Although it's existed for many years, "The Colander Game" was only coined as such during a recent afternoon drive with Castor Drake and Erica Kobayashi. A partial transcript is as followed:
Castor: I just realized I don't own a colander.
Nichole: What's a 'colander?'
Castor: A colander? It's, like, one of those strainers? With all the holes in it? For pasta and stuff.
Nichole: What? Holes?
Castor: Yeah. Like, you put pasta in it and the water drains out through the bottom.
Nichole: I have never heard of this thing ever.
Castor: It's like a kitchen tool.
Nichole: So you said it can be used for pasta? Does that mean, like, spaghetti?
Castor: Yeah, or anything like that.
Nichole: Wouldn't the noodles just fall out through all the holes?
At which point me, the "player," could be called out by the "target," (or by a bystander, such as Erica), as "playing The Colander Game," and the game would be over.

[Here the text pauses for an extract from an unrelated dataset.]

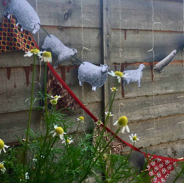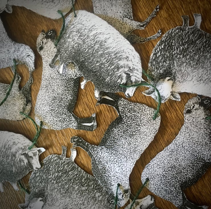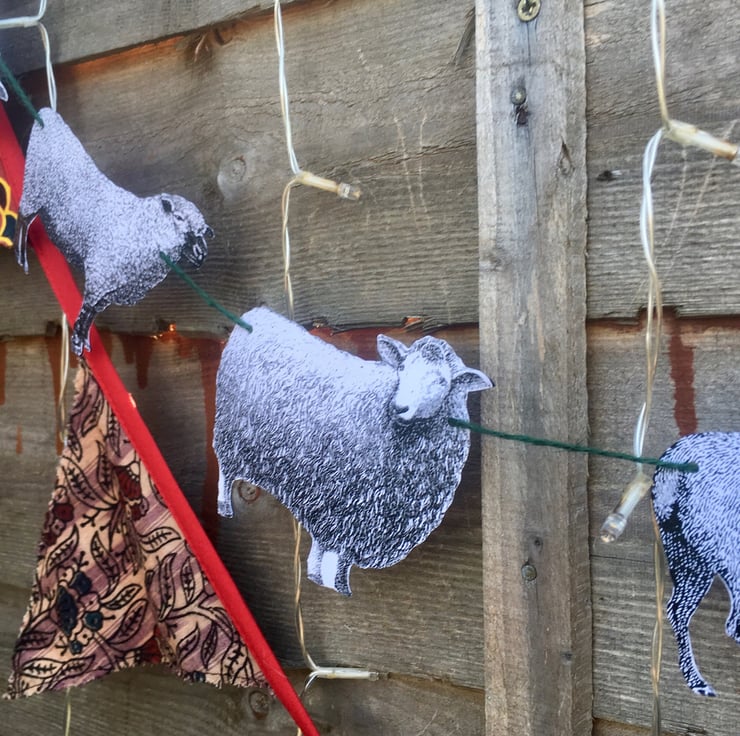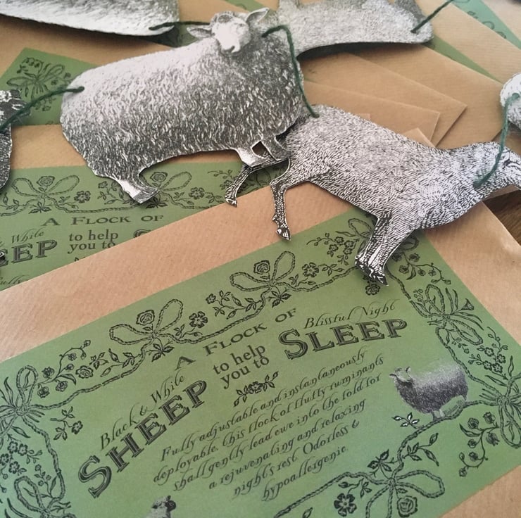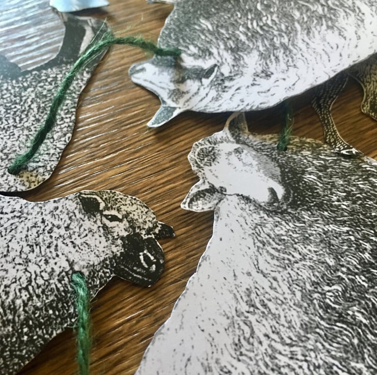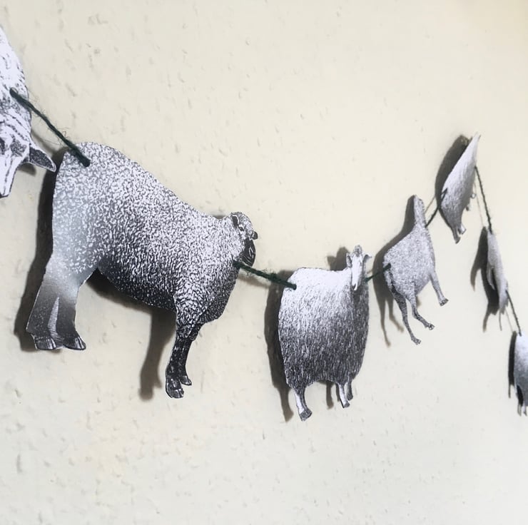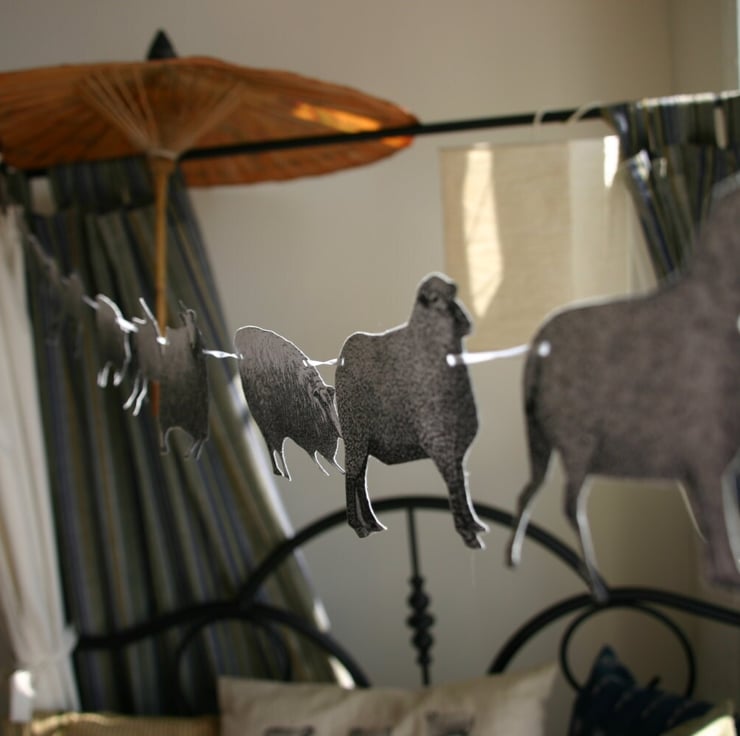 This garland of sheep images printed on white paper with a sturdy black backing includes 12 assorted sheep and a green twine string, which you may assemble to your liking and then proceed to count as often as necessary until desired result is achieved. Great as a housewarming present, for decorating a nap nook or guest room!

It is impossible to "win" The Colander Game. You can only "finish." This fatal flaw lies within the root logic of the game. The ultimate "win" is not knowing what the Colander Game is at all. It's the backwards way in which "targets" become better at recognizing the game over time, and the best "players" are the ones who don't know they're doing it. Victory is achieved simply by being. Playing the game inevitably means being less good at it than had you never started. By virtue of acknowledging the game's existence, you have become a worse player. In the hellish entwined experiences of humor and irony, everyone involved much experience some downward spiral in order for it to be funny.